§ TASK GOAL: When you copy the listing, skip the images and return each line verbatim.

§ DATASET EXTRACT:

★ ★ ★

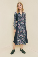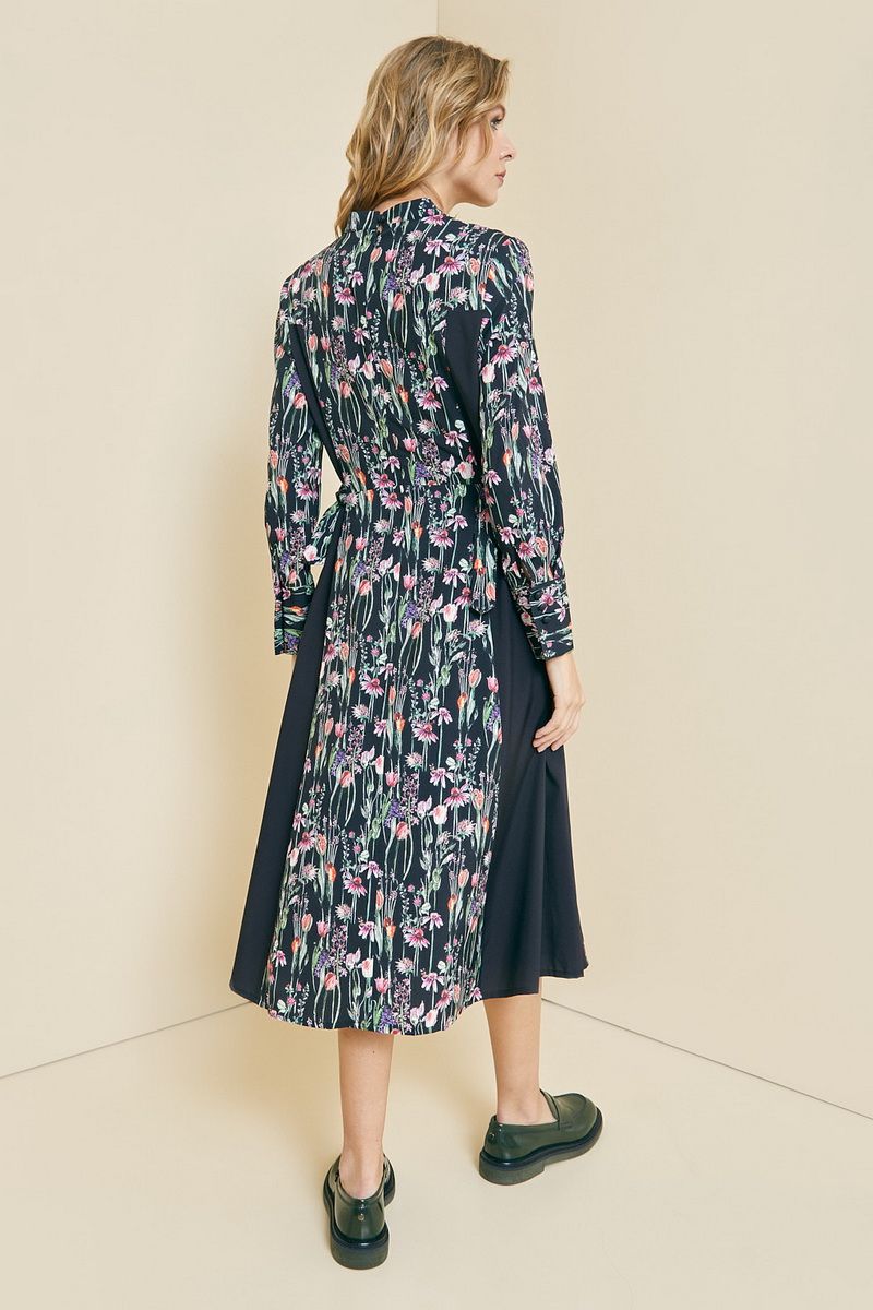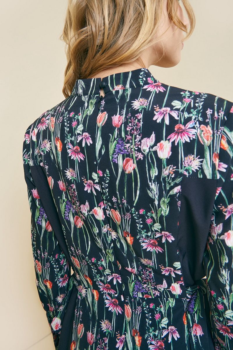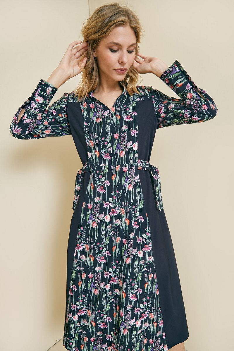 Платье полуприлегающего силуэта с вертикальными рельефами. Горловина V-образной формы, воротник-стойка, рукав длинный, втачной с манжетой. На спинке обработана застежка на потайную тесьму-молнию. Изделие на подкладке. Есть в нашей коллекции и нарядные вещи. Отбельное место занимают платья, которые нельзя записать в разряд праздничные, но и назвать их повседневными тоже сложно. Одно из них перед вами. Яркий цветочный принт привносит в образ краски, чёрные вставки уравновешивают излишнюю яркость. Возможно отличие фотографии по оттенку, связанное с разной цветопередачей монитора. Длина по центру спинки : , 117см., 117см., 117см., 117см., 117см., 117см. По груди : , 49см., 51см., 53см., 55см., 57см., 59см. По бедрам : , 55см., 57см., 59см., 61см., 63см., 65см. По талии : , 47см., 49см., 51см., 53см., 55см., 57см. Длина рукава : , 60см., 60см., 60см., 60см., 60см., 60см. Ширина рукава : , 16.3см., 17см., 17.7см., 18.3см., 19см., 19.7см
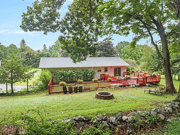 Over-sized, Spacious, 3 bedroom plus office, 2.5 bath 2 car garage. Everything on your wish list. Bi-level sitting pretty on 3/4 of an acre on a dead end cul-de-sac with privacy behind. Edgehill Manor subdivision with municipal water. Living room with wood-burning fireplace, lite & brite with bay window, extra lg formal dining room, eat-in kitchen, master bedroom with walk-in closet and full bath, 2 additional bedrooms all with gleaming hardwood floors. Main bath with jacuzzi tub. Lower level family room with second wood-burning fireplace, Office, 1/2 bath and laundry area. Home updated throughout the years. Well maintained with central air conditioning, 2 tier decking, fenced area for dog or small children, garden area, fire pit, & shed. A must see, new to the market. Walk to town park, sand volleyball, tennis courts, basketball, summer camp & creek. Great commuter location, Less than 15 minutes to Metro North, Rte 9, Taconic. Close to all schools shopping hospitals...
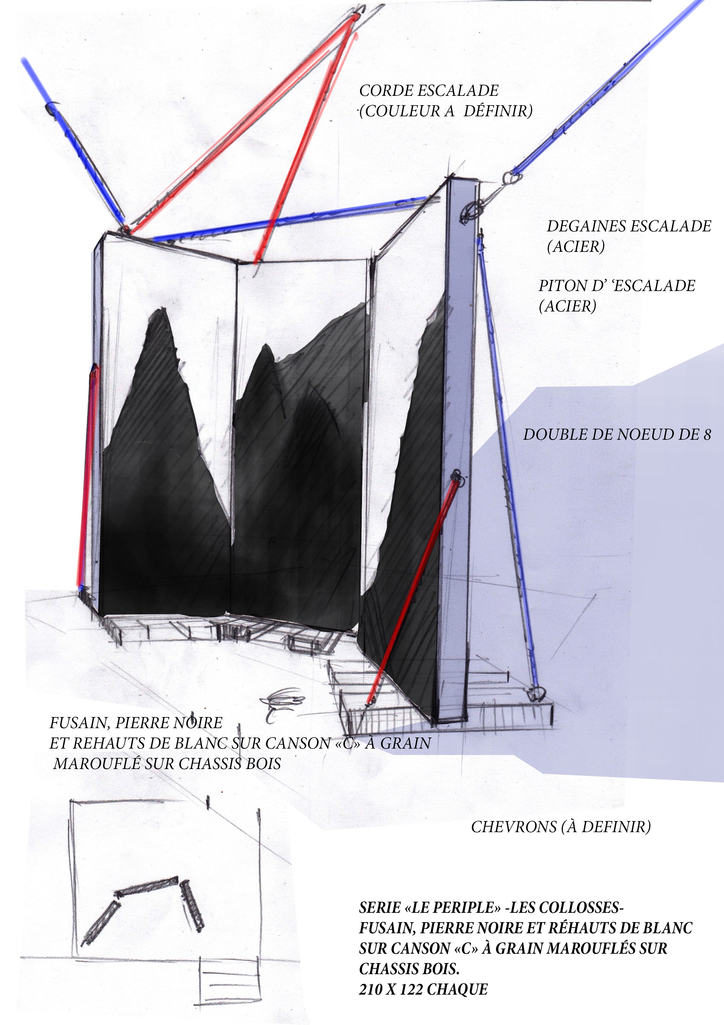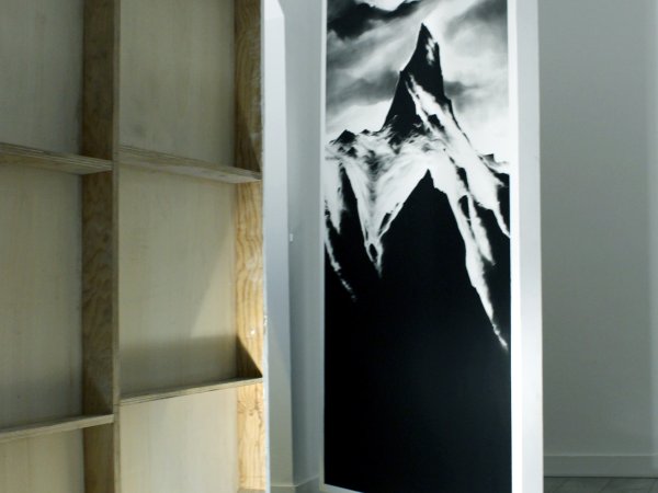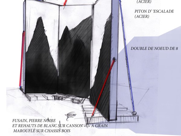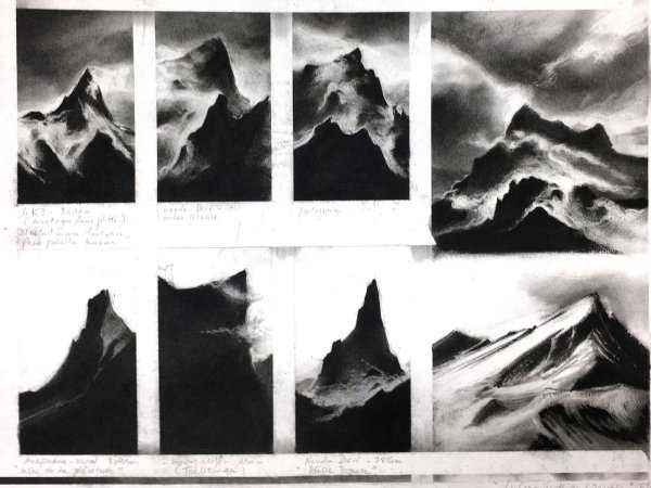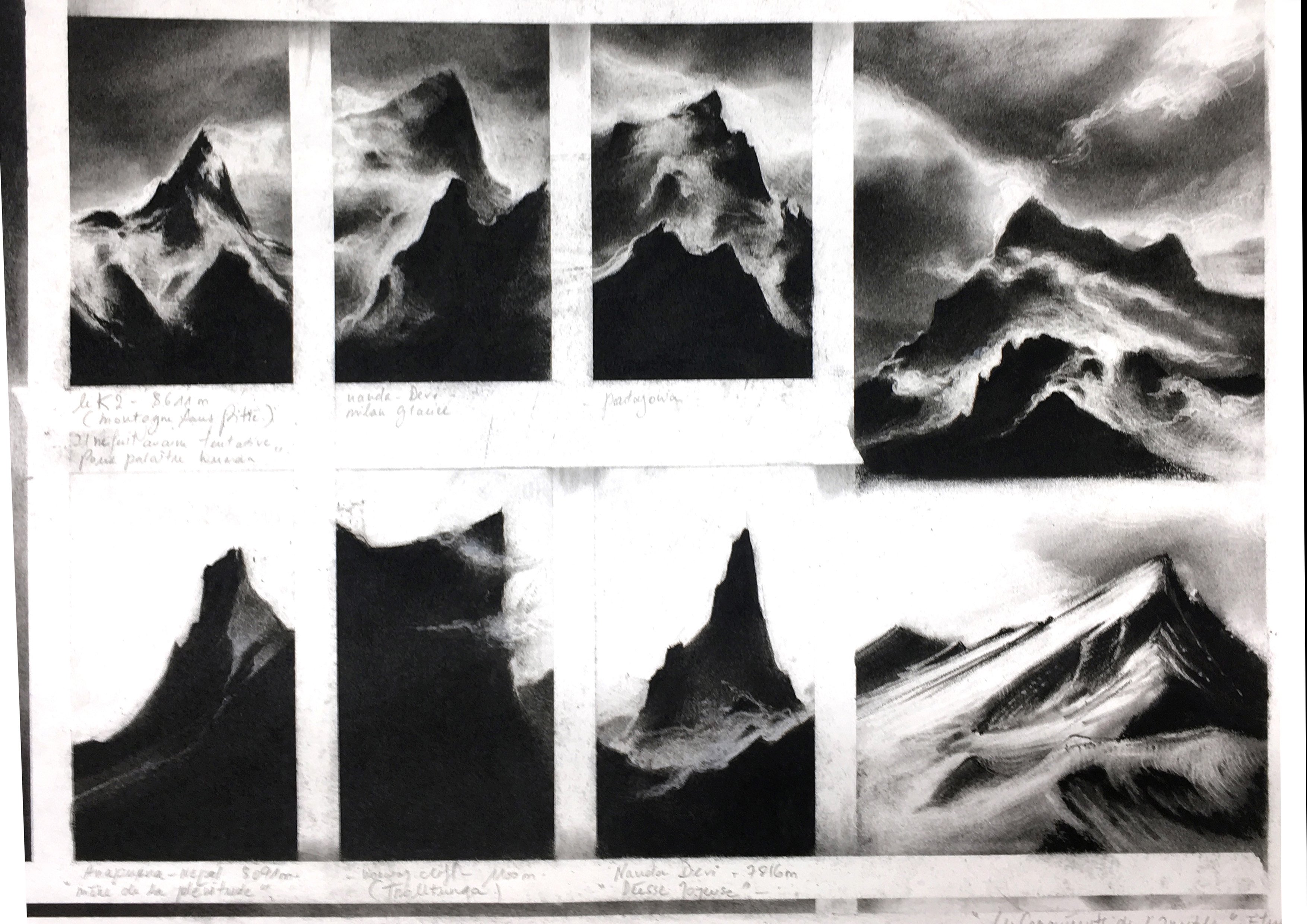 Extraits au Mont Analogue de René Daumal et au poème de Juan Bautista Arriaza, les dessins allégoriques interprètent un pèlerinage physique et mental au sein de l’univers propre à l’alpinisme. Les Bribes de sommets de l’Himalaya, parfois à peine perceptibles sont ici imaginés en clair obscur très tranchés pour en accentuer la posture imposante et onirique.
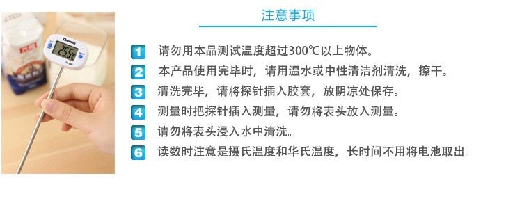 Пожалуйста, обратите внимание на использование: 1. Не измеряйте объекты с диапазоном температуры, выше или ниже, чем температурный счетчик, и избегайте использования термометра при высокой или слишком низкой температуре, чтобы избежать измерения температуры или повреждения термометра.

★ ★ ★

§ WORKED SOLUTION:
 Платье полуприлегающего силуэта с вертикальными рельефами. Горловина V-образной формы, воротник-стойка, рукав длинный, втачной с манжетой. На спинке обработана застежка на потайную тесьму-молнию. Изделие на подкладке. Есть в нашей коллекции и нарядные вещи. Отбельное место занимают платья, которые нельзя записать в разряд праздничные, но и назвать их повседневными тоже сложно. Одно из них перед вами. Яркий цветочный принт привносит в образ краски, чёрные вставки уравновешивают излишнюю яркость. Возможно отличие фотографии по оттенку, связанное с разной цветопередачей монитора. Длина по центру спинки : , 117см., 117см., 117см., 117см., 117см., 117см. По груди : , 49см., 51см., 53см., 55см., 57см., 59см. По бедрам : , 55см., 57см., 59см., 61см., 63см., 65см. По талии : , 47см., 49см., 51см., 53см., 55см., 57см. Длина рукава : , 60см., 60см., 60см., 60см., 60см., 60см. Ширина рукава : , 16.3см., 17см., 17.7см., 18.3см., 19см., 19.7см
 Over-sized, Spacious, 3 bedroom plus office, 2.5 bath 2 car garage. Everything on your wish list. Bi-level sitting pretty on 3/4 of an acre on a dead end cul-de-sac with privacy behind. Edgehill Manor subdivision with municipal water. Living room with wood-burning fireplace, lite & brite with bay window, extra lg formal dining room, eat-in kitchen, master bedroom with walk-in closet and full bath, 2 additional bedrooms all with gleaming hardwood floors. Main bath with jacuzzi tub. Lower level family room with second wood-burning fireplace, Office, 1/2 bath and laundry area. Home updated throughout the years. Well maintained with central air conditioning, 2 tier decking, fenced area for dog or small children, garden area, fire pit, & shed. A must see, new to the market. Walk to town park, sand volleyball, tennis courts, basketball, summer camp & creek. Great commuter location, Less than 15 minutes to Metro North, Rte 9, Taconic. Close to all schools shopping hospitals...
 Extraits au Mont Analogue de René Daumal et au poème de Juan Bautista Arriaza, les dessins allégoriques interprètent un pèlerinage physique et mental au sein de l’univers propre à l’alpinisme. Les Bribes de sommets de l’Himalaya, parfois à peine perceptibles sont ici imaginés en clair obscur très tranchés pour en accentuer la posture imposante et onirique.
 Пожалуйста, обратите внимание на использование: 1. Не измеряйте объекты с диапазоном температуры, выше или ниже, чем температурный счетчик, и избегайте использования термометра при высокой или слишком низкой температуре, чтобы избежать измерения температуры или повреждения термометра.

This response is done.